A federal district court judge today struck down California's ban on gay marriage, ruling that the prohibition violates the U.S. Constitution. The decision, which is expected to be appealed, represents the first time a federal judge has ruled that the U.S. Constitution protects the right of same-sex couples to marry.
In his ruling, District Court Judge Vaughn Walker stated that gay and lesbian couples enjoy a fundamental right to marry. This right, according to Walker, is protected by both the Due Process and Equal Protection clauses of the Constitution's 14th Amendment.
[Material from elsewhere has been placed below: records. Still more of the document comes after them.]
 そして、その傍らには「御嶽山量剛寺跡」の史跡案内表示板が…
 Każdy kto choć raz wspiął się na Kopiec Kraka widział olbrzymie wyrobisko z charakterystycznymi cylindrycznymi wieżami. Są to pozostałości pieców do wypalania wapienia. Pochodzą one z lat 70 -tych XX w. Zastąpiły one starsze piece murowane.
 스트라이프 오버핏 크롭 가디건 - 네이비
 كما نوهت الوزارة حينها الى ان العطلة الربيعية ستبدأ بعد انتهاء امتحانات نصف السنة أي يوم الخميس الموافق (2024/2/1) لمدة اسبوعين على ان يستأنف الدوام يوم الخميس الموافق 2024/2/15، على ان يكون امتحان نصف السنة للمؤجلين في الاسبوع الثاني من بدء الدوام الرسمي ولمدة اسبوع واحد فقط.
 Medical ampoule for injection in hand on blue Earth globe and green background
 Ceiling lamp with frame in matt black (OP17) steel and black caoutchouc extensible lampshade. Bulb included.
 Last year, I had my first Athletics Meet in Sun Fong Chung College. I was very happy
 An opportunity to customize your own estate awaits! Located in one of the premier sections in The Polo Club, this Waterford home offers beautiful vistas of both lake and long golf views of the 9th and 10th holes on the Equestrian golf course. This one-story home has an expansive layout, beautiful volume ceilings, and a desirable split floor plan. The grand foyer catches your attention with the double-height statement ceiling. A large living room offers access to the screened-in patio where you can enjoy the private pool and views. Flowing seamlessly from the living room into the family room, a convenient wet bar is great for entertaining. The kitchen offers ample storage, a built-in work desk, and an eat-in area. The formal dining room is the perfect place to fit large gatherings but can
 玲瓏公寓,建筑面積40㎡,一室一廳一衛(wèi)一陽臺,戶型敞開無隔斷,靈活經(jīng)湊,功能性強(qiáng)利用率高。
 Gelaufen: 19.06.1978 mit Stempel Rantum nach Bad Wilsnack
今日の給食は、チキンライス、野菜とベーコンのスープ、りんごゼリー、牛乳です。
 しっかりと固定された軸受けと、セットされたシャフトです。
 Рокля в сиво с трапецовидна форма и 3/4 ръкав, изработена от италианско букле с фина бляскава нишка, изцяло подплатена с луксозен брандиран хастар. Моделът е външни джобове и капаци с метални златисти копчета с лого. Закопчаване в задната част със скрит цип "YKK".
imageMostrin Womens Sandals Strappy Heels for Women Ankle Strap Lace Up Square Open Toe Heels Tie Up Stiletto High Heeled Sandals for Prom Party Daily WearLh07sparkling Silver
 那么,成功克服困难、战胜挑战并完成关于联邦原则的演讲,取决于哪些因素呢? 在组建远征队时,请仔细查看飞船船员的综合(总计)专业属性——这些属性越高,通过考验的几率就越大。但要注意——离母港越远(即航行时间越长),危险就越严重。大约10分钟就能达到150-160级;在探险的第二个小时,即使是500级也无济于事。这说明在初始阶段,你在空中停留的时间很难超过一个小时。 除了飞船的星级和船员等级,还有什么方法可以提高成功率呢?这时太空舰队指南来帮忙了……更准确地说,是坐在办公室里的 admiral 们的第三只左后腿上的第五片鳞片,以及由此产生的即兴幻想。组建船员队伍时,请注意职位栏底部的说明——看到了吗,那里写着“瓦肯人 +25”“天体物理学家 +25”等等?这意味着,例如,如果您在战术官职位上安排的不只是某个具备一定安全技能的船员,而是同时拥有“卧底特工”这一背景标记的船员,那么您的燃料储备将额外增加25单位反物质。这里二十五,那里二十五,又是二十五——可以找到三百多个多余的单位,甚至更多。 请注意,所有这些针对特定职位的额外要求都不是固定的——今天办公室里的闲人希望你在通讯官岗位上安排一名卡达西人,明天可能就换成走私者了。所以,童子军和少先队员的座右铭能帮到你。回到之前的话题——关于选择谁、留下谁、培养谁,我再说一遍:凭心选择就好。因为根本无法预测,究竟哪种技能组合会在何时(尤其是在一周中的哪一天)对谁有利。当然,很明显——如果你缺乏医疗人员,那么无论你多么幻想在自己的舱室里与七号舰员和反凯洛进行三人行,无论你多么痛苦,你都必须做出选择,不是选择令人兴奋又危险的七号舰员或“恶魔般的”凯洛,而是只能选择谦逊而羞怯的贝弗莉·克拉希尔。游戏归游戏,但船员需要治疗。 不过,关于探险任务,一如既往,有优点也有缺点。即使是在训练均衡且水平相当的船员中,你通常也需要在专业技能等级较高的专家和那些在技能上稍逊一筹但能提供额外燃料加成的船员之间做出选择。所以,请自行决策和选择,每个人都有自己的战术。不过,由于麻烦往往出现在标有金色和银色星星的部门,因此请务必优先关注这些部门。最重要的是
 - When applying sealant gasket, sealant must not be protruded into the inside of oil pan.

The case, Perry v. Schwarzenegger, was prompted by the passage of Proposition 8, a 2008 California ballot initiative that amended the state constitution to prohibit same-sex marriage. In striking down that language, Walker said that it served no real purpose beyond discriminating against same-sex couples. “Proposition 8 does nothing more than enshrine in the California Constitution the notion that opposite sex couples are superior to same sex couples,” he wrote, adding: “Because Proposition 8 prevents California from fulfilling its constitutional obligation to provide marriages on an equal basis, the court concludes that Proposition 8 is unconstitutional.”
Proposition 8 had survived an earlier challenge in state court. That case went all the way to the California Supreme Court, which, in May 2009, ruled that Proposition 8 was valid.